Sabemos además que lo que dice un personaje no es lo que opina el narrador, que a su vez no es la opinión del escritor y que, en última instancia, tampoco es la del sujeto que vive los días cuando no está escribiendo. Por esto mismo se puede asegurar que Edgardo Scott ha elegido mostrarse como lo que es: un tipo con oficio de escritor, un tipo que, además de manejar una escritura fluida (que cualquier lector más o menos agudo puede llegar a tener hoy en día), logra poner distancia entre él, ese tipo nacido en Lanús en 1978, y las intervenciones como observador del mundo que rodea a un personaje muy parecido a él que atraviesa los relatos que componen el libro titulado Cassette virgen (Emecé, 2021).
Relatos, digo bien. Porque lo que cuenta Scott en este texto fragmentado, apostillas, huellas, restos de una persona quizá parecida a él, bien podría terminar en cualquier parte de lo narrado sin que ese final constituya un cierre, porque no va hacia ninguna parte, porque no tiene ningún fin más allá que la escritura, porque no busca entrar en esa pedagogía ni el cariz mediador de una idea como ocurre en el cuento clásico. Sí se planta con firmeza en ese rumiar silencioso de la lengua y sus puestas en acto, en ese placer que surge de hablar la “lengua materna” en tu lugar de origen (una lengua construida en base a elecciones y concesiones, propias y ajenas, actuales y añejas), llena de personajes y lugares propios del mundo que podemos habitar a diario, con mayor o menor distancia, revelándonos, quizás, un hábito de flâneur o caminante, que ya había leído en los otros, como flâneur de textos y vidas ajenas, en Caminantes (Godot, 2019); porque, como bien recuerda el clásico libro de Louis Huart, es caminante o es flâneur, según se trate de la lengua materna o de la lengua extranjera; Scott vive en París, traduce del inglés, escribe en argentino.

En este recorrido fragmentario, Edgardo Scott se coloca las máscaras apropiadas, según la ocasión lo requiera, para trazar un itinerario que se sucede entre patios internos de hoteles y casas perdidas, personajes memorables de un edificio compartido (personajes, porque nunca podrá saber quiénes eran en realidad), un monumento a los veteranos de la Guerra de Malvinas, escuelas públicas, clases de inglés, trabajos diversos, anécdotas recuperadas (y modos de contarlas), serpientes que te miden para devorarte, masculinidad noventera, hermanos y la idea de fraternidad, la figura de Ricardo Piglia y el primer concierto de Joy División.
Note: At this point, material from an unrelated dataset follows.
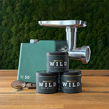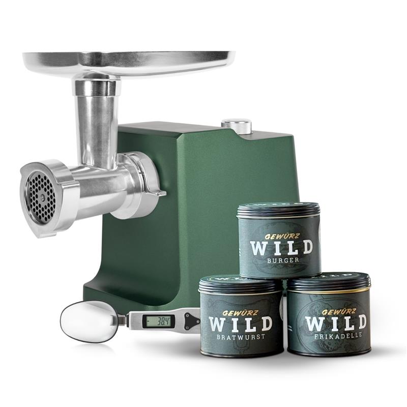 Mit dem kompakten Fleischwolf W 50 in attraktivem Jagdgrün, unseren Bestseller Gewürzmischungen Wildbratwurst, Wildburger und Wildfrikadelle und der exakten Löffelwaage aus Edelstahl gelingen die ersten Wildgerichte im Nu.

Lo sabemos de sobra: la lengua extranjera es siempre indócil, cuando no imposible de dominar. Y suele volverse una máscara grotesca que nunca le quedará bien a quien pretenda portarla fingiéndola propia, por más que dedique muchos años a su estudio.
Scott lo intuye; es por eso que astutamente opta por colocarse una máscara sobre otra y otra y otra más. Porque esas máscaras jamás dejan de ser apenas un antifaz siempre revelador del artificio: aunque callemos el nombre del portador por simple delicadeza, un antifaz que no consigue poner la suficiente distancia con la construcción de la ficción (distancia que, claro está, es su construcción misma), generando un texto inclasificable, el registro fragmentario de un flâneur con oficio.